James: Well, you know, it really just depends on the mood and where I'm trying to take myself. You know, it's kind of like being a DJ for your own, uh, inner, uh, Spotify channel. I usually go for the vanilla. People say that vanilla, oh, it's vanilla, but I'm like, no, water doesn't have a taste. Vanilla has a taste and that tastes as delicious. I usually go for the vanilla plus. 

Vivek: Big fan. Vanilla is the only flavor Ensure plus that I will drink. I don't like the chocolate actually. 

Tom: Okay. You two. I'm feeling totally left out. You should have some, you should have some Ensure. I got FOMO. 

Vivek: Yeah. 

Tom: You know, Imma do right after this podcast. I'm going to go buy some Ensure, right? I feel totally left behind. I'm going to go check it out. 

Vivek: Go to Safeway, and you can get a six pack. 

Tom: Bang. 

James: Do it. This is an example, uh this is what a class psychologist called positive peer pressure. We've just changed a person's life during this podcast. Tom's going to go out there. You'll be flipping cars over tomorrow after that first Ensure. 

Tom: Hallelujah. I need all the help I can get. All right. Ensure. This episode's totally unpaid for promotion. You're welcome, Ensure. 

Vivek: Great. So with that done let's pick up on the question of regulation and, uh, we were talking about, right? You recently had an article come out in Nature, where you proposed to create an IPCC like body to harness benefits and combat harms of digital tech, right? What? What does such an interdisciplinary meeting of the mind add? Even if they, you know, lack the power as it is to your industry actors themselves. You know, what, how would it be structured in your, in your mind? How do we get governments and firms as Tom was talking about to listen to people like you and others who are talking about these things? 

James: I think a big sort of, uh, advantage or, uh, an attractive feature of such a body is that, it can get a bunch of experts in one place in one time, you know, abstractly speaking and allow them to sort of function as this singular advisory body. And you're right that they may not have the power to actually pass laws themselves, but as it turns out, like, it can be very helpful if you have a group of, um, scientists and other concerned policymakers, who can say things like, we've done a meta analysis of a bunch of different studies. And here's what they've all shown. Here, here's like a, a menu of possible regulations you could pass along with the pros and cons. And I think that, um, we were inspired, by we, I mean, the, the authors of that article, in part we were inspired by, you know, bodies that have been made for things like climate science. 

Vivek: Yeah. 

James: You know, to be clear, like climate science is not a solved problem, but it's been great to have some international bodies that have been able to say, well, at a high level, here's what the research seems to say. And you know, governments that are responsible, they can look at that research and then try to craft policies that, you know, they think will, will work for their particular countries. Um, but we think that would be a really helpful thing to help level set, sort of the way that, that, you know, national level governments, even state governments, small governments can try to understand this complex topic. Cause it is complex, you know, in the same way that like climate change is very complex. It is not simply like the world is getting hotter. Like, yes, it's like at the most highest level, that's true. Some places are going to get wetter. Some places are going to get drier, you know? So it's this really, um, subtle interplay between, you know, individual actions, corporate actions, government actions, those statements are true for both climate change and for what happens with technology. So we thought it was a really a nice analogy. 

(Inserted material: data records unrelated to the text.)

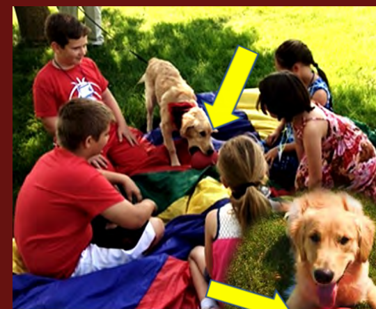
St. John's Lutheran Danforth, IL
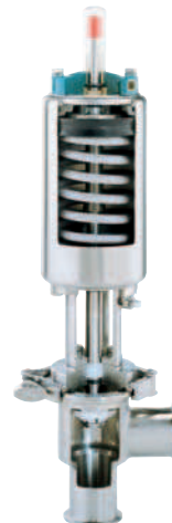
Tri-Clover 700 Series Available in a variety of configuration including throttling, tank outlet and reverse acting - flow diversion.

Two actuators (long and short) fit most 700 Series valves – including a wide selection of shut-off and divert valves. Valves are also available in sizes from 1" to 6" OD so you can build any size valve without increasing inventory requirements. Available normally open or normally closed, actuators can be field-reversed simply by disassembling, repositioning and reassembling.
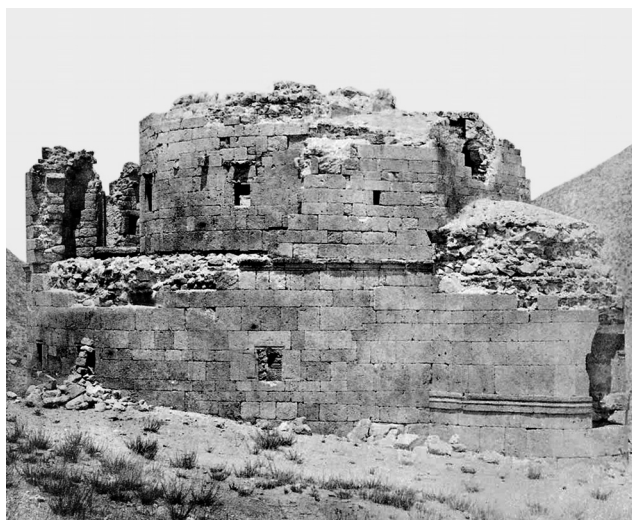
Fig. 7. Binbirkilise, Church 10 seen from the southeast
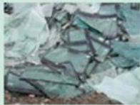
Laminated Glass wastes
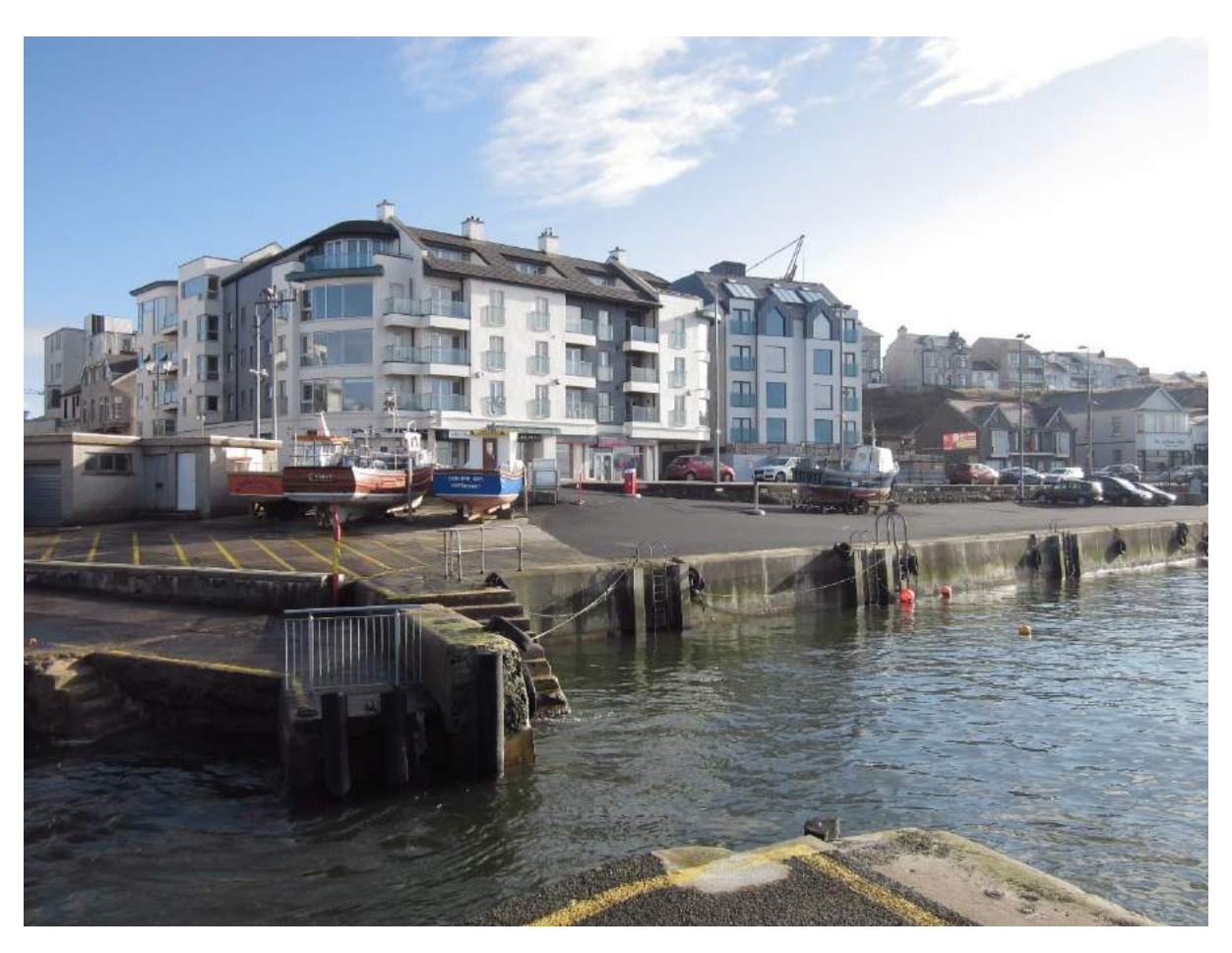
Recent development adjacent Portstewart Harbour. Development proposals should be appropriate to their location and complement the existing character of the setting. Very few locations in the Borough would suit high density proposals.

2.5 Council's Coast and Countryside Team is developing a programme of review of coastal paths to consider additional access where appropriate and how existing access is managed (increasing demand from participation events along the coast rather than the passive outdoor recreation user).

Vivek: Actually, I was just thinking as you were saying that it could, this could be something back to ETP for a second. This could be a project that ETP sponsors, like it could be to your point about just doing the research on learning from all the other regulations and building a framework. It could be a great research project for a master's thesis or, or even a PhD, that is done in partnership with ETP. And then we could make a recommendation, could serve as guidelines or whatever to state governments, uh, federal governments, etc. 

James: I think so. I mean, I, I would say that like the scale of it might, I mean, unless the master student is very good. But you know, I think the scale of this is, you know, going to surpass like any individual's capacity to do it. But like, on the other hand, you know, this intergovernmental body we were thinking of, it's composed of individuals, it's composed of people. And I think that's a really. Sort of important aspect in all of these conversations we have about, you know, ethical technology and governance. And this is something I tell my students a lot too. The technology world is pretty small, it's all people driven. As much as we might like to tell ourselves that it's all about equations and, you know, code and stuff like that. It's all about people. It's all about the decisions that people are making to do or not do certain things. And so that's sort of daunting from one perspective, but also empowering, from another perspective, because it means that, you know, we, if we want to see a change in the tech industry, then we as individuals in that industry we have to act and do things to, you know, bring about the world we want to see. 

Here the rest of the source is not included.